KWANG melangkah untuk pulang kembali
ke kediaman, dengan sedikit kecewa. Namun setelah beberapa jauh, KWANG kembali
mencoba bertanya, kali ini dengan salah seorang warga lainnya. Namun, sangat
bertolak-belakang kepada warga sebelumnya, warga yang kali ini KWANG mohon
bantuan informasi sangat ramah dan menjelaskan sangat detail dan sangat
menolong memberikan informasi kepada KWANG.
Sang warga bahkan
menjelaskannya hingga sebanyak dua kali, arah dimana terdapat tempat pembuatan
kunci duplikat, tanpa KWANG minta, bahkan menjelaskan pula dimana lokasi alternatif
lainnya tak jauh dari sana yang menyediakan jasa pembuatan duplikat anak kunci.
Dan benarlah informasi dari
sang warga baik hati tersebut, KWANG tidak sia-sia berjalan jauh, dan menemukan
tempat pembuatan duplikat anak kunci, sebagaimana petunjuk sang warga yang baik
hati tersebut.
Ternyata, pelajaran yang dapat
KWANG petik pada hari tersebut, bukanlah persoalan malu atau tidak malu untuk
bertanya, namun bertanyalah pada orang yang tepat.
Sama halnya saat kini tatkala
kita dibanjiri arus informasi yang mengalir deras lewat media konvensional
maupun digital “online”. Bukanlah lagi relevan untuk membuat kriteria, seberapa
banyak informasi yang kita dapatkan dan himpun, namun seberapa akurat informasi
yang kita dapatkan, dan darimanakah sumber informasi tersebut, dapatkah
dipercaya ataukah tidaknya? Jangan-jangan sebagian besar diantaranya hanyalah hoax
yang direproduksi pihak-pihak yang tidak bertanggung-jawab, sehingga kita pun
jangan turut mereproduksinya—dengan terlebih dahulu mengecek akurasinya.

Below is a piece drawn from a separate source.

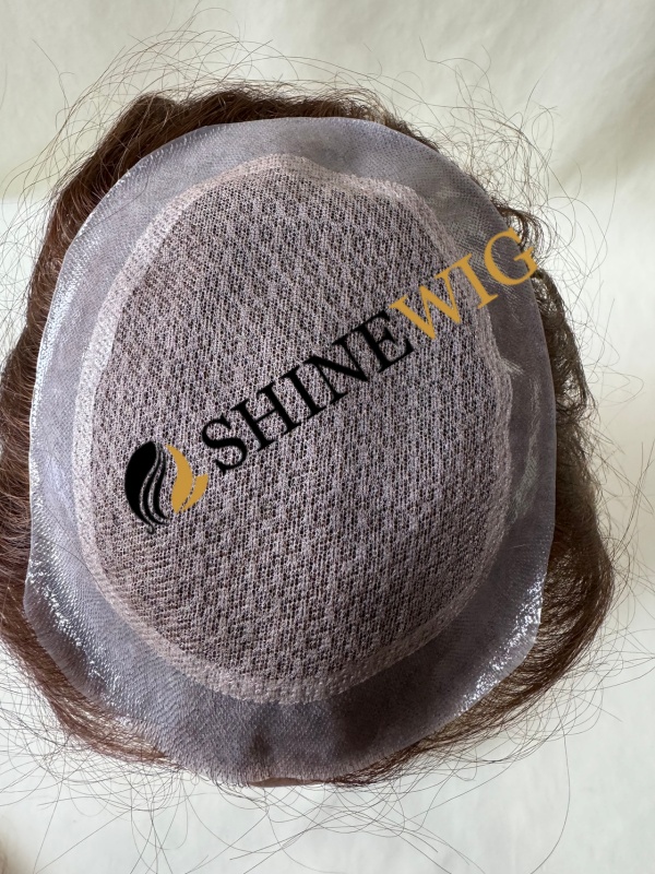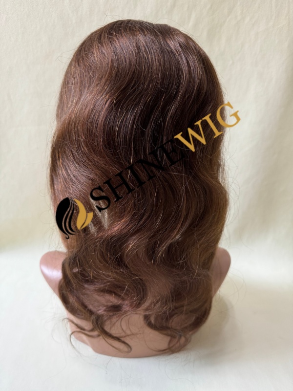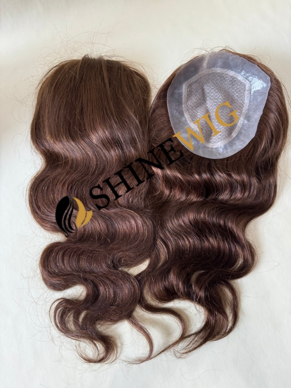 16inch Remy human hair medium brown color body wave lace and pu base hair topper from shinewig

Begitupula ketika kita hendak
berguru. Bergurulah pada guru yang tepat. Sama seperti berkawan, kawan maupun
guru yang tidak baik, dapat membuat kita “kehilangan arah” dan “kehilangan jati
diri”. Sebaliknya, guru dan teman yang baik, dapat menolong dan membukakan mata
kita dari jalan yang hendak kita tempuh.
Orang-orang yang selalu
membenarkan perilaku kita, pastilah bukan orang yang benar, karena sama ekstrimnya
dengan orang-orang yang selalu mencela dan mematahkan semangat kita. Kawan dan
guru yang baik, akan menegur dan memberi kita peringatan ketika kita berbuat
keliru, bukan sebaliknya, senang melihat kita berbuat jahat dan keburukan.

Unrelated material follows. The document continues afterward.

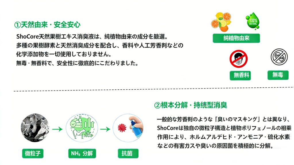 天然植物抽出酵素消臭液製品は、植物由来の天然成分を抽出して開発された消臭液です。異臭・悪臭を除去するだけでなく、細菌やカビの繁殖を抑制します。

Bila kita memiliki karakter
pembelajar yang bukan termasuk orang-orang yang yang memiliki intelektual “jenius”,
maka dibimbing dan diajarkan oleh guru yang “jenis” akan membuat kita terlihat
bodoh, makin rendah diri, dan akhirnya memarahi diri sendiri—disamping makin
bingung dibuatnya.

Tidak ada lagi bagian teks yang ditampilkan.